Among the entries below, only the lines from the one with "如圖二:底圖4個小圖標按鈕,搭配文字,每" through the one with "Demonstrators march against" are wanted, reproduced exactly. Pictures are not wanted.

> Given data

____________

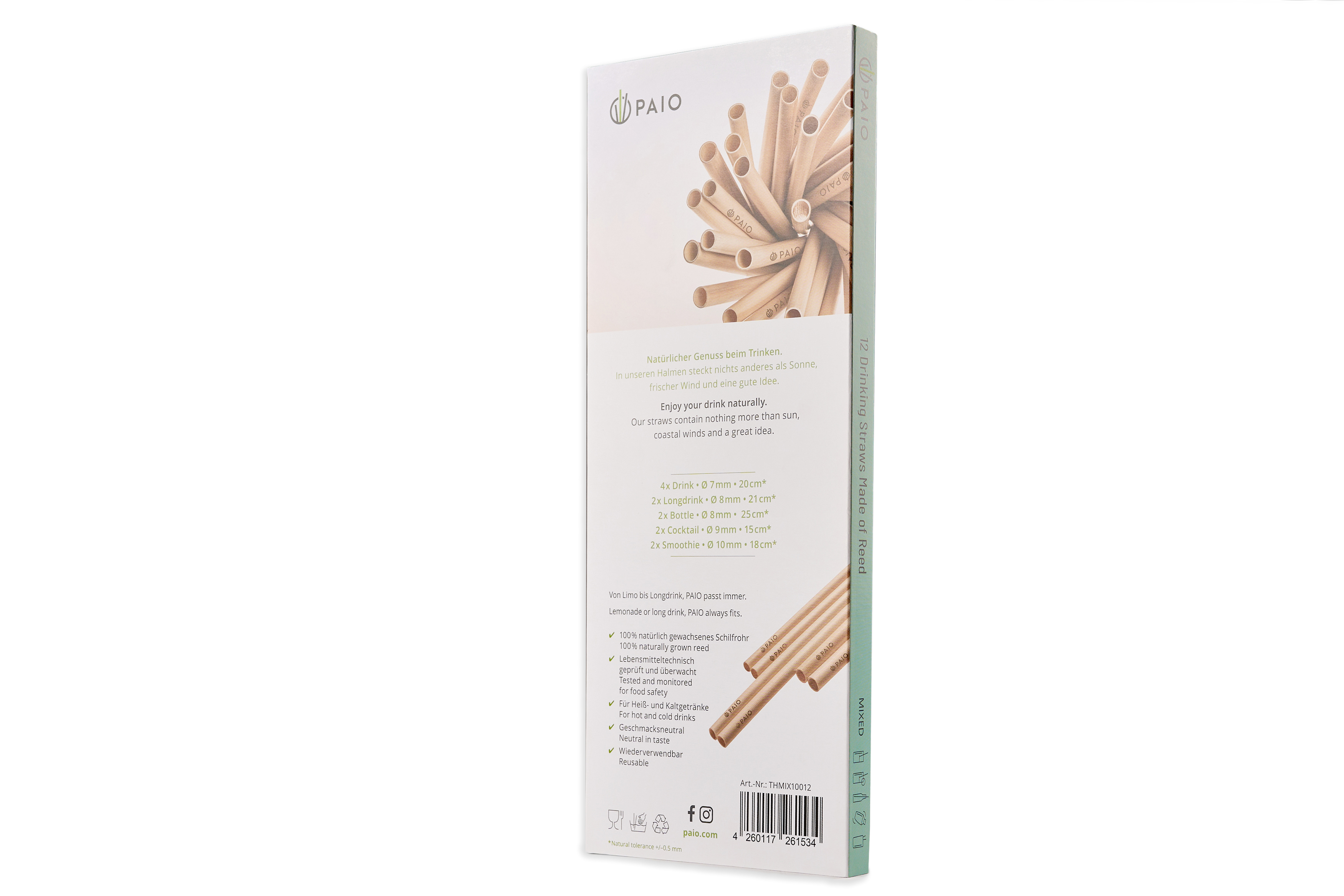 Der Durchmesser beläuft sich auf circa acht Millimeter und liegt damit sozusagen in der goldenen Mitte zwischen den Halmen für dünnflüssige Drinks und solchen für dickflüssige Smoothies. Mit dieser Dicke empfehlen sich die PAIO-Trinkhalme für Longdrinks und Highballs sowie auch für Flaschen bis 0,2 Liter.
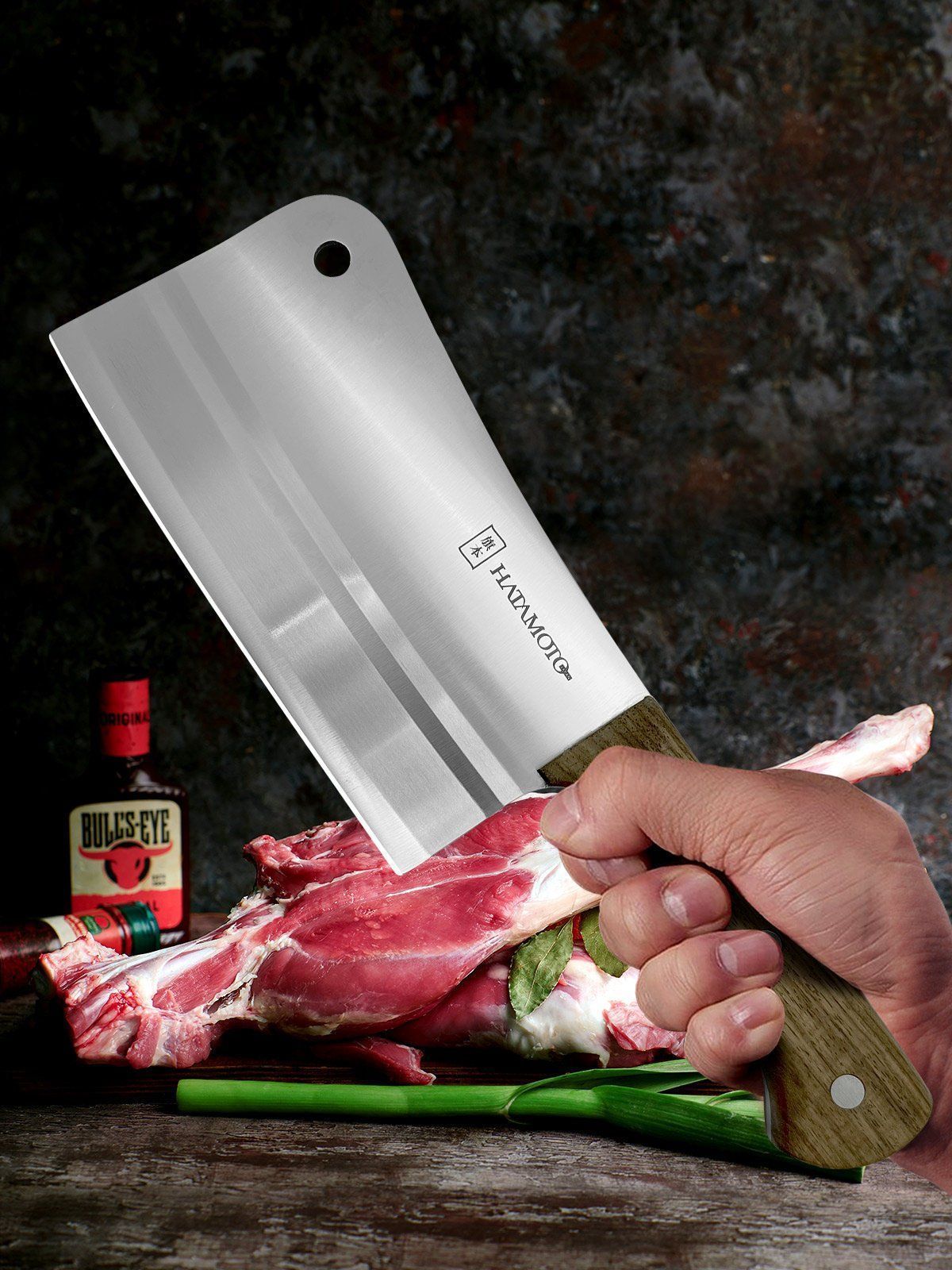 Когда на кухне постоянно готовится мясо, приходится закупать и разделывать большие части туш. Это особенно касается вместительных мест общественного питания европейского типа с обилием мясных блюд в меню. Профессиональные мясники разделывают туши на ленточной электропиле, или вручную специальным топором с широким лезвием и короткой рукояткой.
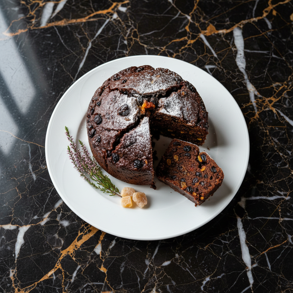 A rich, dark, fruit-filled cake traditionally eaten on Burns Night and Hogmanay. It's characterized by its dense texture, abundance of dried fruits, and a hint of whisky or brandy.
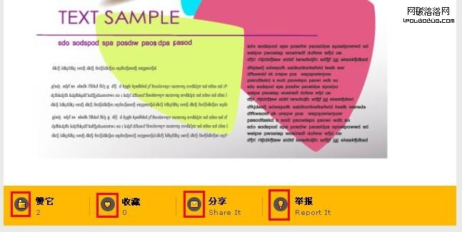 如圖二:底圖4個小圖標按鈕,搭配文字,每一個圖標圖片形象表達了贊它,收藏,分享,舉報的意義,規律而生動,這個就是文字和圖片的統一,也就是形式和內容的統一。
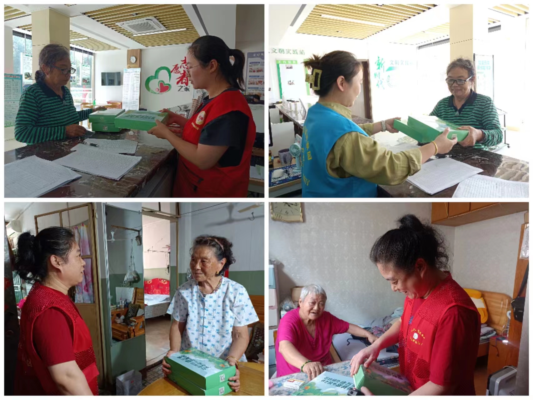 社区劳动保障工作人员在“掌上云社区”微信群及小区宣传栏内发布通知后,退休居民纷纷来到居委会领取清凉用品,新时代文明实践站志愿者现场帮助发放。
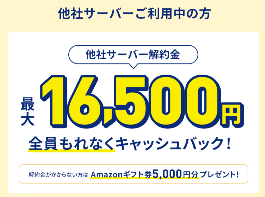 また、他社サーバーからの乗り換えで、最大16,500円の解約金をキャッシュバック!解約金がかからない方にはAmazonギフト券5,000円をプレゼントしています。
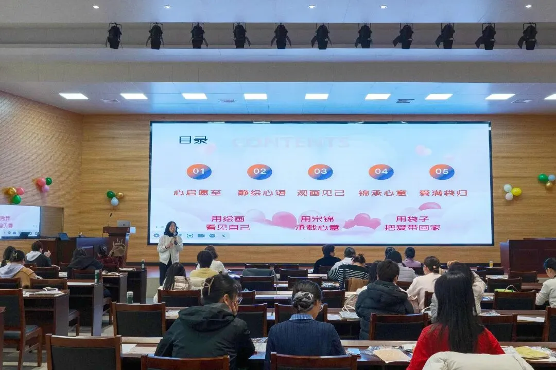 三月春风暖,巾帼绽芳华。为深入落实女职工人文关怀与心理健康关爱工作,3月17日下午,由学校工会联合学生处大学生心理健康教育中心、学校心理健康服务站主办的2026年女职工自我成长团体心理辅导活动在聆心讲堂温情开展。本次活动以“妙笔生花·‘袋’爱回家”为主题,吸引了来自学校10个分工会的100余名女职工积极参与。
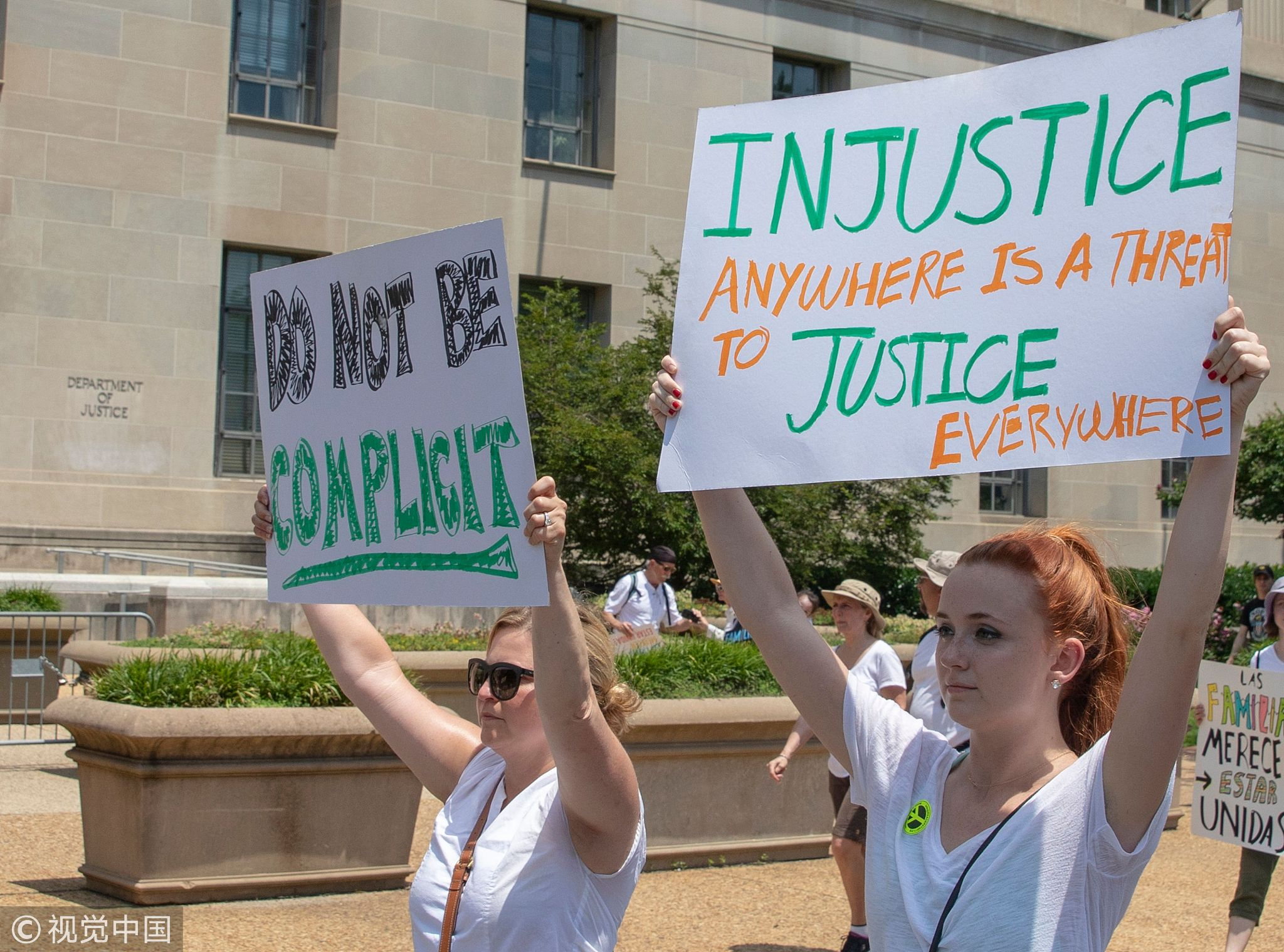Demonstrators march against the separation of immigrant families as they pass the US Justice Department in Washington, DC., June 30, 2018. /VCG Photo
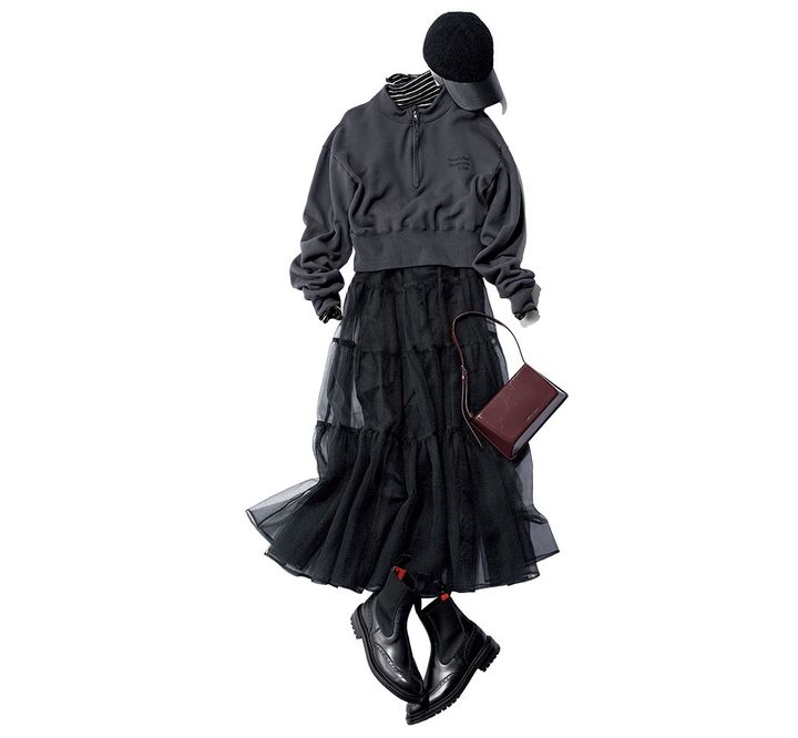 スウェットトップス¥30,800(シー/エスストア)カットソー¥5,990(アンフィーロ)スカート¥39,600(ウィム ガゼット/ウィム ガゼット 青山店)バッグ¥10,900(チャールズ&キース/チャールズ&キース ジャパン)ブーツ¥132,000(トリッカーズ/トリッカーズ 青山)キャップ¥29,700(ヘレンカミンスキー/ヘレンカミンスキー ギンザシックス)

____________

> Answer for this exercise
 如圖二:底圖4個小圖標按鈕,搭配文字,每一個圖標圖片形象表達了贊它,收藏,分享,舉報的意義,規律而生動,這個就是文字和圖片的統一,也就是形式和內容的統一。
 社区劳动保障工作人员在“掌上云社区”微信群及小区宣传栏内发布通知后,退休居民纷纷来到居委会领取清凉用品,新时代文明实践站志愿者现场帮助发放。
 また、他社サーバーからの乗り換えで、最大16,500円の解約金をキャッシュバック!解約金がかからない方にはAmazonギフト券5,000円をプレゼントしています。
 三月春风暖,巾帼绽芳华。为深入落实女职工人文关怀与心理健康关爱工作,3月17日下午,由学校工会联合学生处大学生心理健康教育中心、学校心理健康服务站主办的2026年女职工自我成长团体心理辅导活动在聆心讲堂温情开展。本次活动以“妙笔生花·‘袋’爱回家”为主题,吸引了来自学校10个分工会的100余名女职工积极参与。
Demonstrators march against the separation of immigrant families as they pass the US Justice Department in Washington, DC., June 30, 2018. /VCG Photo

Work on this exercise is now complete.